Department of Pathology, Christian-Albrechts-University, University Hospital Schleswig-Holstein (UKSH), Campus Kiel, Arnold-Heller-Str. 3, Haus U33, D-24105, Kiel, Germany.
Institute for Clinical Molecular Biology, Christian-Albrechts-University, 24105, Kiel, Germany.
Genome Med. 2021 Nov 8;13(1):177. doi: 10.1186/s13073-021-00975-y.
Cancer is a somatic evolutionary disease and adenocarcinomas of the stomach and gastroesophageal junction (GC) may serve as a two-dimensional model of cancer expansion, in which tumor subclones are not evenly mixed during tumor progression but rather spatially separated and diversified. We hypothesize that precision medicine efforts are compromised when clinical decisions are based on a single-sample analysis, which ignores the mechanisms of cancer evolution and resulting intratumoral heterogeneity. Using multiregional whole-exome sequencing, we investigated the effect of somatic evolution on intratumoral heterogeneity aiming to shed light on the evolutionary biology of GC.
The study comprised a prospective discovery cohort of 9 and a validation cohort of 463 GCs. Multiregional whole-exome sequencing was performed using samples form 45 primary tumors and 3 lymph node metastases (range 3-10 tumor samples/patient) of the discovery cohort.

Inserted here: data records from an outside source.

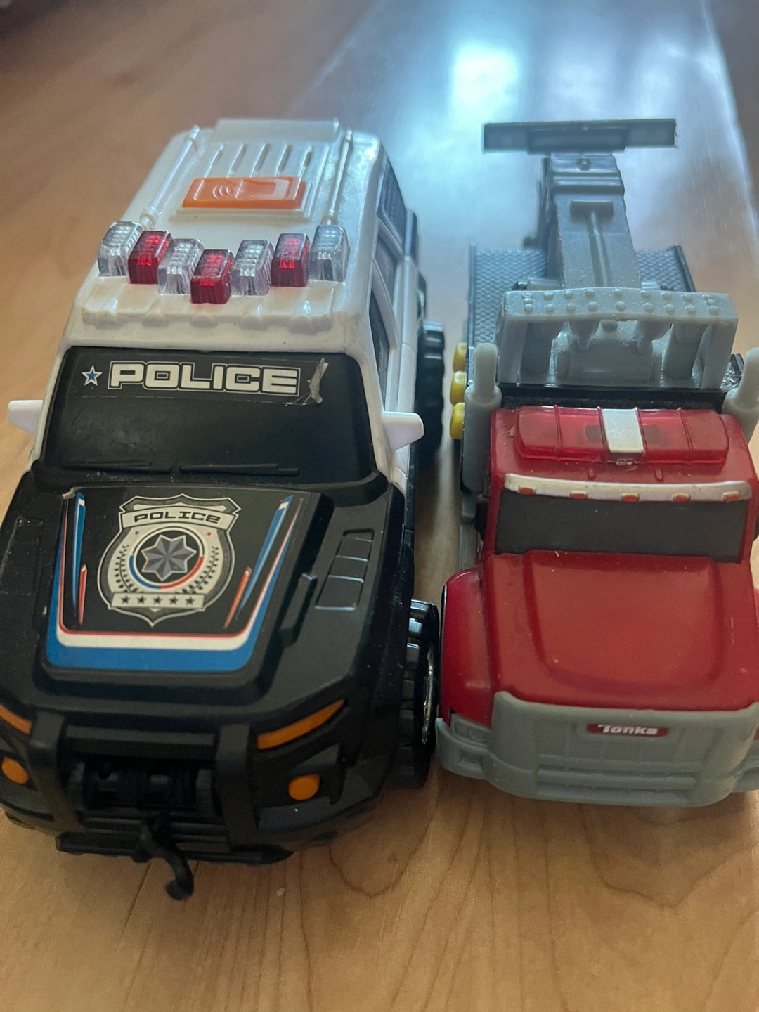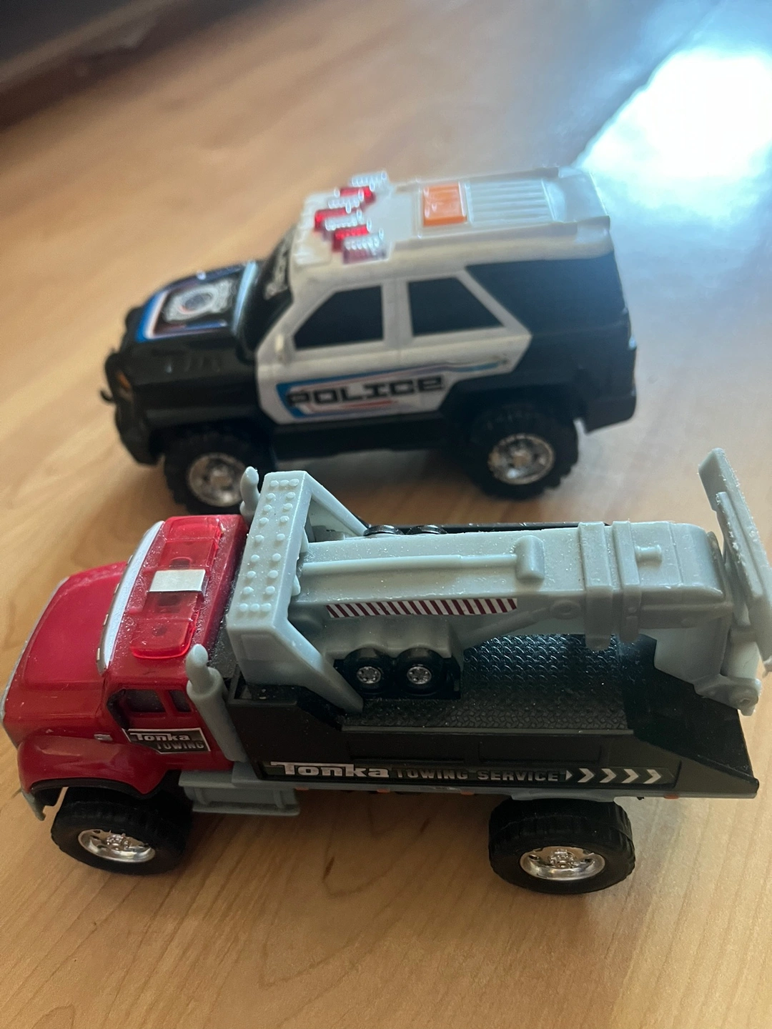Two Tonka toy vehicles. A black police car with a white roof and red lights. A red tow truck with a grey crane and a black bed. In a very good condition Pet free, smoke free home
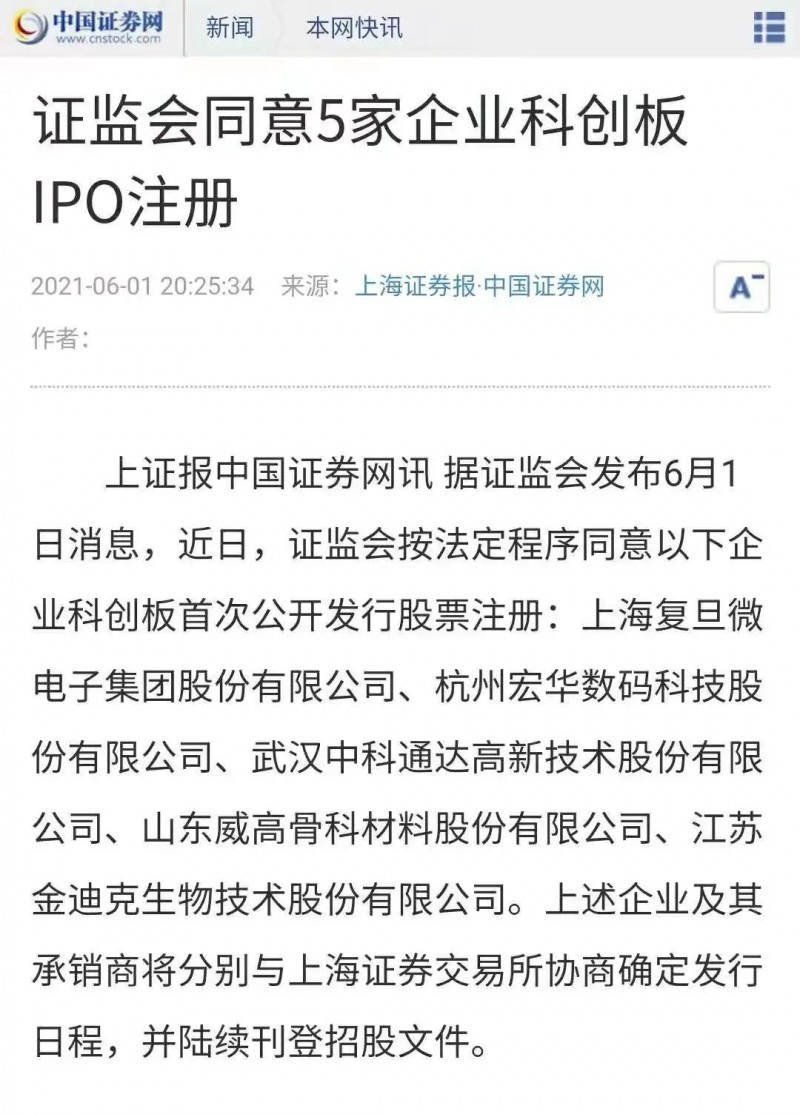 上證報中國證券網(wǎng)訊:據(jù)證監(jiān)會發(fā)布6月1日消息,近日,證監(jiān)會按法定程序同意以下企業(yè)科創(chuàng)板首次公開發(fā)行股票注冊:上海復(fù)旦微電子集團(tuán)股份有限公司、杭州宏華數(shù)碼科技股份有限公司、武漢中科通達(dá)高新技術(shù)股份有限公司、山東威高骨科材料股份有限公司、江蘇金迪克生物技術(shù)股份有限公司。上述企業(yè)及其承銷商將分別與上海證券交易所協(xié)商確定發(fā)行日程,并陸續(xù)刊登招股文件。
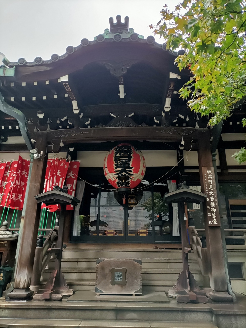 本堂には「大黒天」と書かれた赤い幟旗もあったり、日蓮大菩薩と書かれた赤い提灯が下がって居たりと、他のお寺と違いが大きく戸惑いました。

In total, the discovery cohort harbored 16,537 non-synonymous mutations. Intratumoral heterogeneity of somatic mutations and copy number variants were present in all tumors of the discovery cohort. Of the non-synonymous mutations, 53-91% were not present in each patient's sample; 399 genes harbored 2-4 different non-synonymous mutations in the same patient; 175 genes showed copy number variations, the majority being heterogeneous, including CD274 (PD-L1). Multi-sample tree-based analyses provided evidence for branched evolution being most complex in a microsatellite instable GC. The analysis of the mode of evolution showed a high degree of heterogeneity in deviation from neutrality within each tumor. We found evidence of parallel evolution and evolutionary trajectories: different mutations of SMAD4 aligned with different subclones and were found only in TP53 mutant GCs.

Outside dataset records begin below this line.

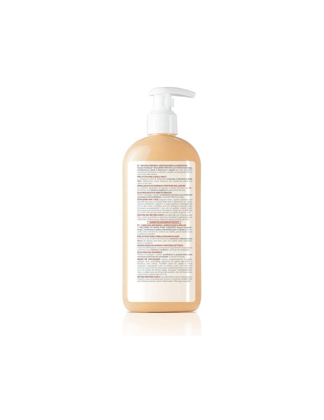 CLEARE INSTITUTEEl bálsamo Co-Wash Curly de Clearé Institute®, limpia, acondiciona y ayuda a desenredar el cabello aportando un extra de brillo. Proporciona forma y volumen al cabello aumentando su resistencia a la rotura. El amaranto de su composición reconstruye la estructura interna del cabello aportando volumen y brillo. Reduce la fricción entre las cutículas evitando el encrespamiento y favoreciendo al movimiento natural del cabello.
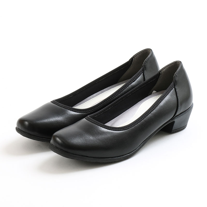 素材は本革や合成皮革で、色は黒のパンプスが基本です。
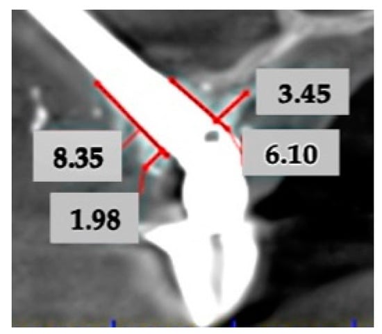 Bone gain was measured in the CBCT images at 6 months in two directions: through a perpendicular buccal and palatal lines to the implant axis (width) [24] and through a parallel buccal and palatal lines to the implant axis at level of coronal part of the implant (length) (Figure 4). Keratinized buccal mucosa width was measured at 3 months in cases with immediate loading and at the removal of second-surgery suture in cases without immediate loading (< or > 2 mm of keratinized buccal mucosa width).

Neutral and non-neutral somatic evolution shape the mutational landscape in GC along its lateral expansions. It leads to complex spatial intratumoral heterogeneity, where lymph node metastases may stem from different areas of the primary tumor, synchronously. Our findings may have profound effects on future patient management. They illustrate the risk of mis-interpreting tumor genetics based on single-sample analysis and open new avenues for an evolutionary classification of GC, i.e., the discovery of distinct evolutionary trajectories which can be utilized for precision medicine.
癌症是一种体细胞进化疾病,胃腺癌和胃食管交界处(GC)腺癌可以作为癌症扩张的二维模型,其中肿瘤亚克隆在肿瘤进展过程中不是均匀混合的,而是空间上分离和多样化的。我们假设,当临床决策基于单一样本分析时,精准医学的努力会受到影响,因为这种分析忽略了癌症进化的机制和由此产生的肿瘤内异质性。我们使用多区域全外显子组测序,研究了体细胞进化对肿瘤内异质性的影响,旨在揭示 GC 的进化生物学。
该研究包括一个前瞻性的发现队列,由 9 名患者和一个验证队列的 463 名 GC 患者组成。对发现队列的 45 个原发性肿瘤和 3 个淋巴结转移(每个患者 3-10 个肿瘤样本)进行了多区域全外显子组测序。
在整个发现队列中,共发现 16537 个非同义突变。所有发现队列的肿瘤中均存在体细胞突变和拷贝数变异的肿瘤内异质性。在非同义突变中,53-91%的突变不在每个患者的样本中存在;399 个基因在同一位患者中存在 2-4 个不同的非同义突变;175 个基因存在拷贝数变异,大多数是异质性的,包括 CD274(PD-L1)。基于多样本树的分析为支化进化提供了证据,支化进化在微卫星不稳定的 GC 中最为复杂。对进化模式的分析表明,每个肿瘤内偏离中性的程度存在很大的异质性。我们发现了平行进化和进化轨迹的证据:SMAD4 的不同突变与不同的亚克隆一致,只在 TP53 突变的 GC 中发现。
中性和非中性体细胞进化沿着 GC 的侧向扩张塑造了突变景观。它导致了复杂的空间肿瘤内异质性,其中淋巴结转移可能来自原发性肿瘤的不同区域,同时发生。我们的发现可能对未来的患者管理产生深远影响。它们说明了基于单一样本分析来解释肿瘤遗传学的风险,并为 GC 的进化分类开辟了新的途径,即发现不同的进化轨迹,这些轨迹可用于精准医学。